• HOW TO COMPLETE THIS TASK:
Find the line containing "2018年1月3日下午,青年" in the entries below. Restate it and each line after it, word for word, up to and including the line containing "Alle Chicken Kebab".

*** DATA SUPPLIED ***

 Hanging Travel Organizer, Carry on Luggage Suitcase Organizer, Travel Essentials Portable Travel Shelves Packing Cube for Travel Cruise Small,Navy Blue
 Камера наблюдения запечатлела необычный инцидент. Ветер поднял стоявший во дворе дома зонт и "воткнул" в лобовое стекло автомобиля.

***
*** DATA SUPPLIED ***

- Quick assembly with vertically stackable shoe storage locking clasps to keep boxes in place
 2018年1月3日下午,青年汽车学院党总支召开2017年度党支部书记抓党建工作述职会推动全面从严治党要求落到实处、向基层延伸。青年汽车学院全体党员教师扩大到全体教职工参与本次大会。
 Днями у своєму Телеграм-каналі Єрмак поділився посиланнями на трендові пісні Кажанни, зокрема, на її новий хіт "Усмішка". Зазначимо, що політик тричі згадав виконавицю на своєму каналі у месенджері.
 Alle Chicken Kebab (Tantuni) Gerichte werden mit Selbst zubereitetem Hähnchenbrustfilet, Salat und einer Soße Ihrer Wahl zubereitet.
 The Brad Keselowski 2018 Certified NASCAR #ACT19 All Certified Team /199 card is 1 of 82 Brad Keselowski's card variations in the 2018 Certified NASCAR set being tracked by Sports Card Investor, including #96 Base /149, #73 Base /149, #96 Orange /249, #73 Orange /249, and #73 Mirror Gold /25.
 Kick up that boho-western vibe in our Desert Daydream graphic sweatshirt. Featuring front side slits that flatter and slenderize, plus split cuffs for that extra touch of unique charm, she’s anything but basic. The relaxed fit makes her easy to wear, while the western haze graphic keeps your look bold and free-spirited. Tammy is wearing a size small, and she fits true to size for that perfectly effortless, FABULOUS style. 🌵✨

***

• SOLUTION:
 2018年1月3日下午,青年汽车学院党总支召开2017年度党支部书记抓党建工作述职会推动全面从严治党要求落到实处、向基层延伸。青年汽车学院全体党员教师扩大到全体教职工参与本次大会。
 Днями у своєму Телеграм-каналі Єрмак поділився посиланнями на трендові пісні Кажанни, зокрема, на її новий хіт "Усмішка". Зазначимо, що політик тричі згадав виконавицю на своєму каналі у месенджері.
 Alle Chicken Kebab (Tantuni) Gerichte werden mit Selbst zubereitetem Hähnchenbrustfilet, Salat und einer Soße Ihrer Wahl zubereitet.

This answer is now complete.